■ DATA SECTION
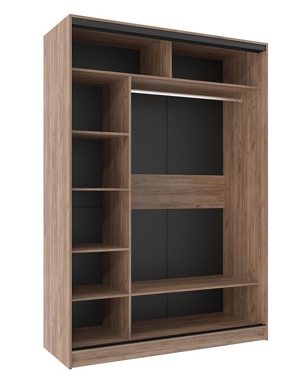 Вшкафу-купе шириной 160 смнайдется место для гардероба всей семьи. Разместите в нем бельё, верхнюю одежду и аксессуары. Продуманное внутреннее наполнение шкафа состоит из стеллажа для белья, четырех больших ниш внизу и вверху, а также стационарной штанги длиной больше метра. Две двери настальном профиле "Найди"в цвет основного декора шкафа плавно перемещаются. Если нужно взять вещи из шкафа в темное время суток и при этом не разбудить супруга, установитеКарниз 202 Домашнийс подсветкой.
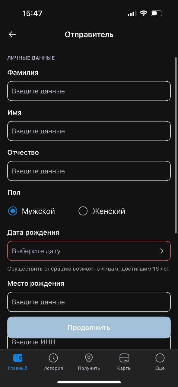 Все этапы сопровождаются подсказками. Для получения денежных переводов нужно ввести свои реквизиты и дождаться совершения платежа. Если выбран способ получения в офисах партнеров, то потребуется паспорт и контрольный номер перевода (КНП) — уникальный код транзакции.
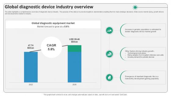 The slide highlights a comprehensive overview of diagnostic device industry. The purpose of the slide is to provide insights to stakeholders enabling them to make strategic decisions. Slide covers market sizing, growth drivers and developments related to industry. Are you in need of a template that can accommodate all of your creative concepts This one is crafted professionally and can be altered to fit any style. Use it with Google Slides or PowerPoint. Include striking photographs, symbols, depictions, and other visuals. Fill, move around, or remove text boxes as desired. Test out color palettes and font mixtures. Edit and save your work, or work with colleagues. Download Global Diagnostic Device Industry Overview Surgical Devices Ppt Example IR SS V and observe how to make your presentation outstanding. Give an impeccable presentation to your group and make your presentation unforgettable. The slide highlights a comprehensive overview of diagnostic device industry. The purpose of the slide is to provide insights to stakeholders enabling them to make strategic decisions. Slide covers market sizing, growth drivers and developments related to industry.
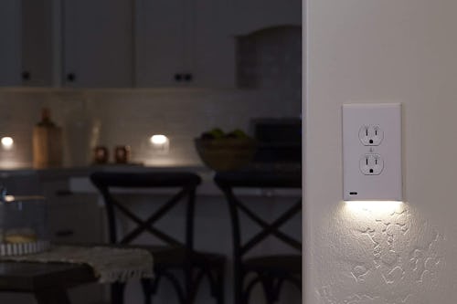 Sold in a two-pack, these easy-to-install outlet cover plates have built-in night lights that turn on when it gets dark, creating a soft glow in hallways and other dim areas. Each cover plate snaps on quickly, and since the LED lights are built-in, both of your outlets will remain free to power other things.
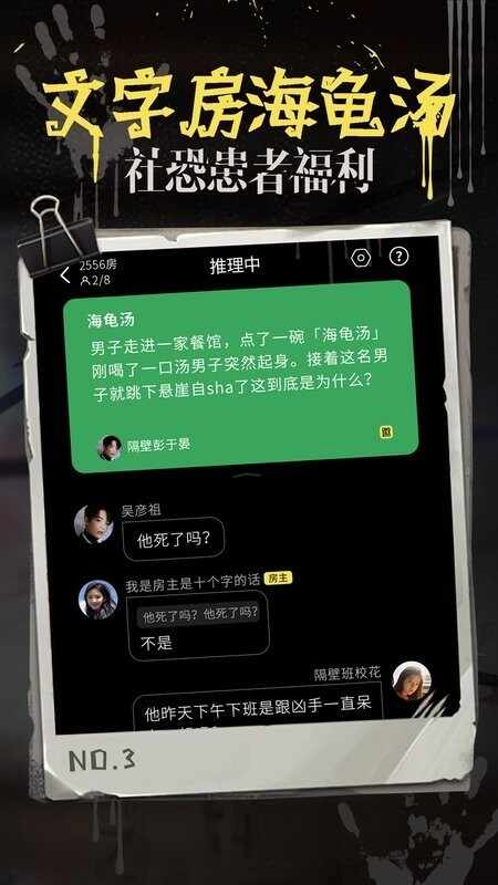 2、角色扮演互飙演技不尬聊聚集百万推理同好,全程嗨聊不尴尬多重身份任你选,角色反串or真情演绎(yi),用实力姃棴众生,你就是“戏精之王!
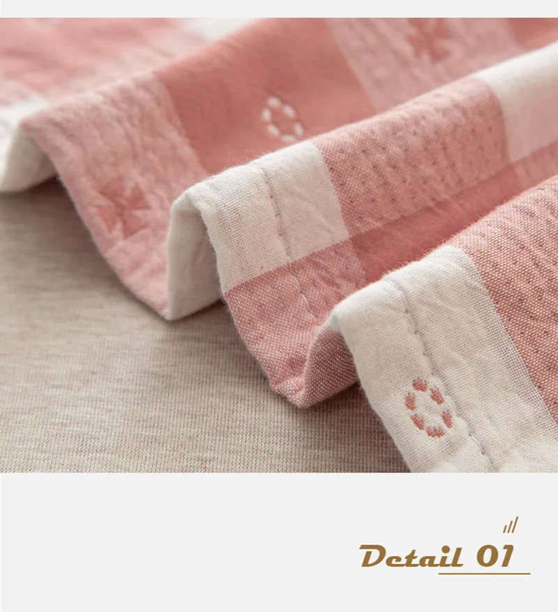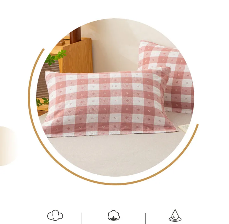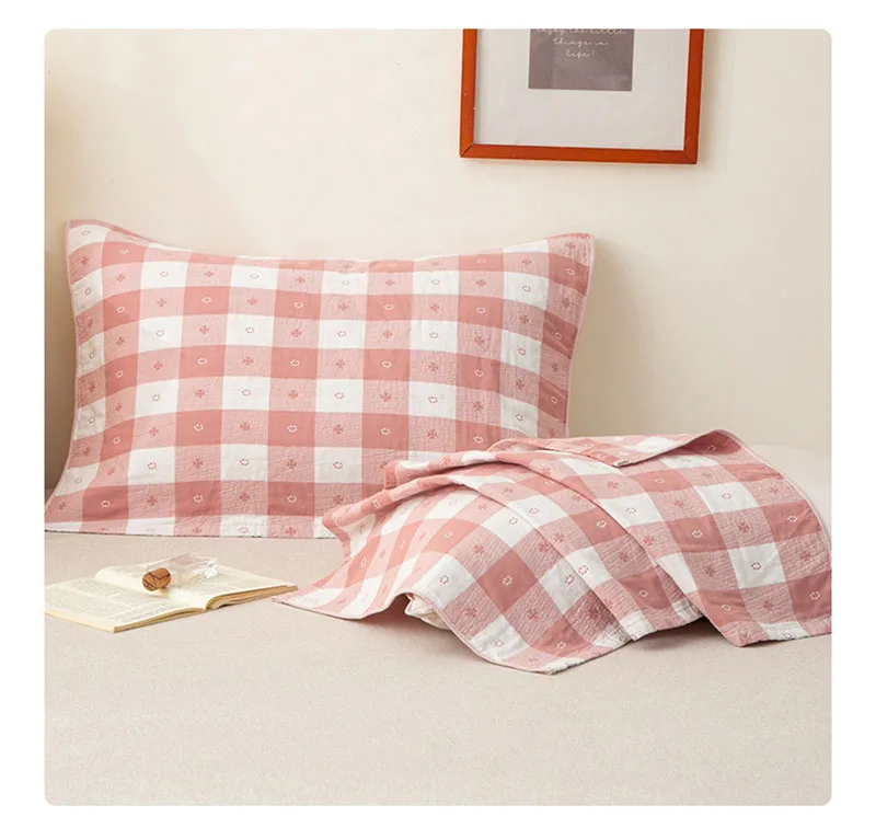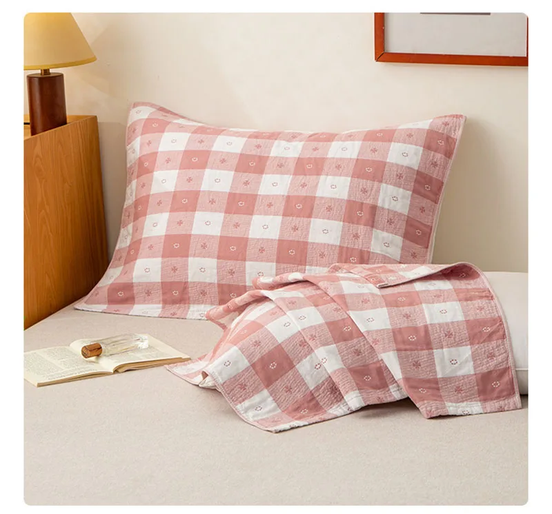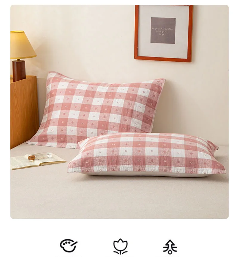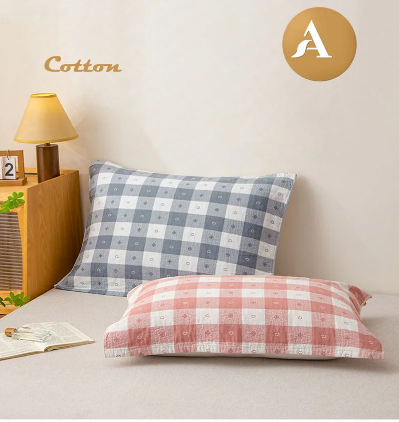 A-Class Pure Cotton 3-Layer Gauze Pillow Towel Anti-Oil Striped Printed Pillow Cover for All Seasons Durable Non Fading Bedding
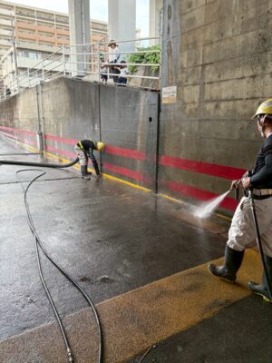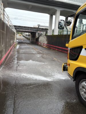 大雨などでどうしても汚れてしまうアンダーパス。高圧洗浄車で丁寧に洗い汚れた汚水をバキューム車で吸引しながら洗います。乾いたらスイーパーで清掃。ピカピカにします。
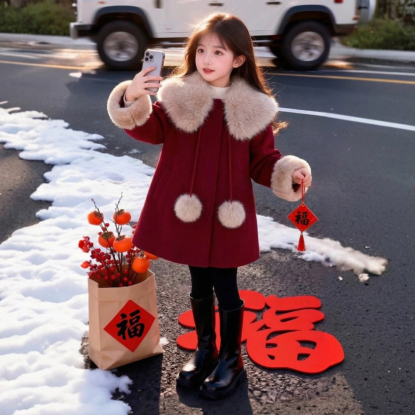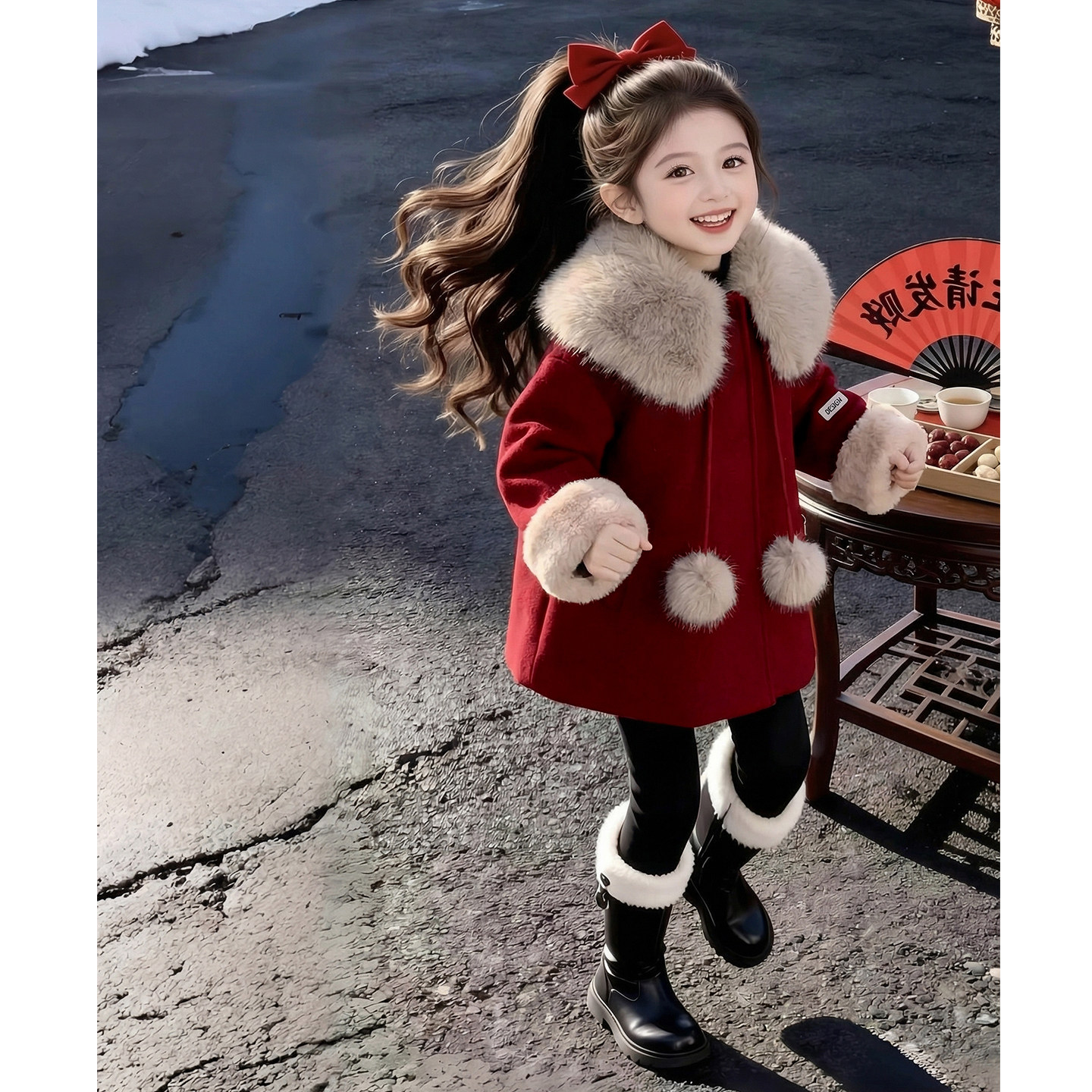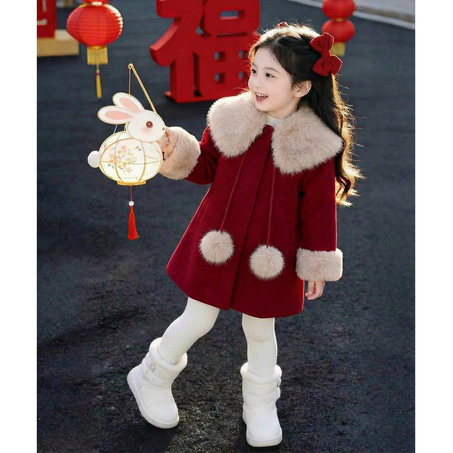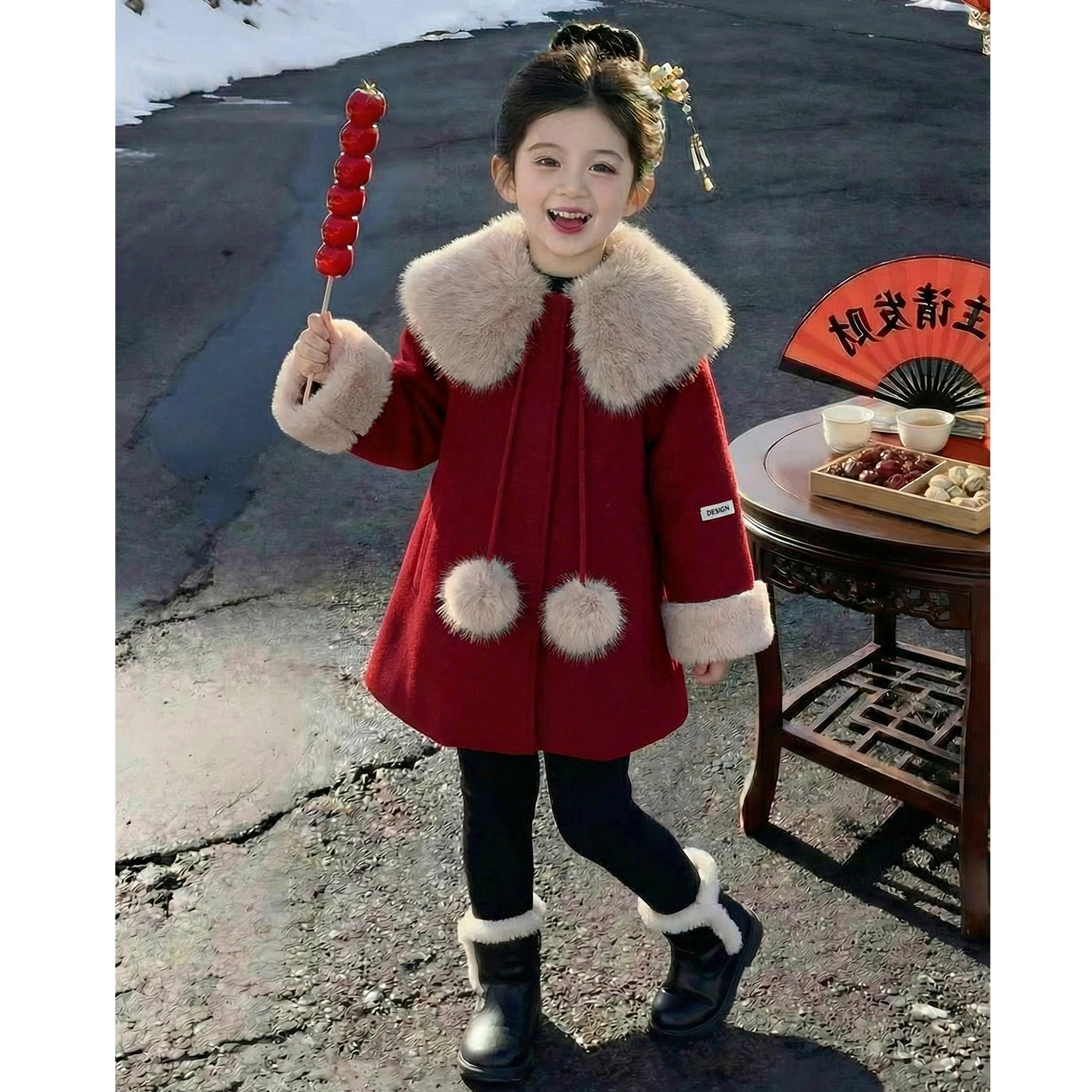 女童外套2026新款冬装儿童洋气时髦爆款红色呢子大衣女孩过年衣服

■ ABOUT THIS EXERCISE
Leaving out every picture, copy exactly the lines from the one that contains "2、角色扮演互飙演技不尬聊聚" through the end of the entries above.

■ ANSWER AREA
 2、角色扮演互飙演技不尬聊聚集百万推理同好,全程嗨聊不尴尬多重身份任你选,角色反串or真情演绎(yi),用实力姃棴众生,你就是“戏精之王!
 A-Class Pure Cotton 3-Layer Gauze Pillow Towel Anti-Oil Striped Printed Pillow Cover for All Seasons Durable Non Fading Bedding
 大雨などでどうしても汚れてしまうアンダーパス。高圧洗浄車で丁寧に洗い汚れた汚水をバキューム車で吸引しながら洗います。乾いたらスイーパーで清掃。ピカピカにします。
 女童外套2026新款冬装儿童洋气时髦爆款红色呢子大衣女孩过年衣服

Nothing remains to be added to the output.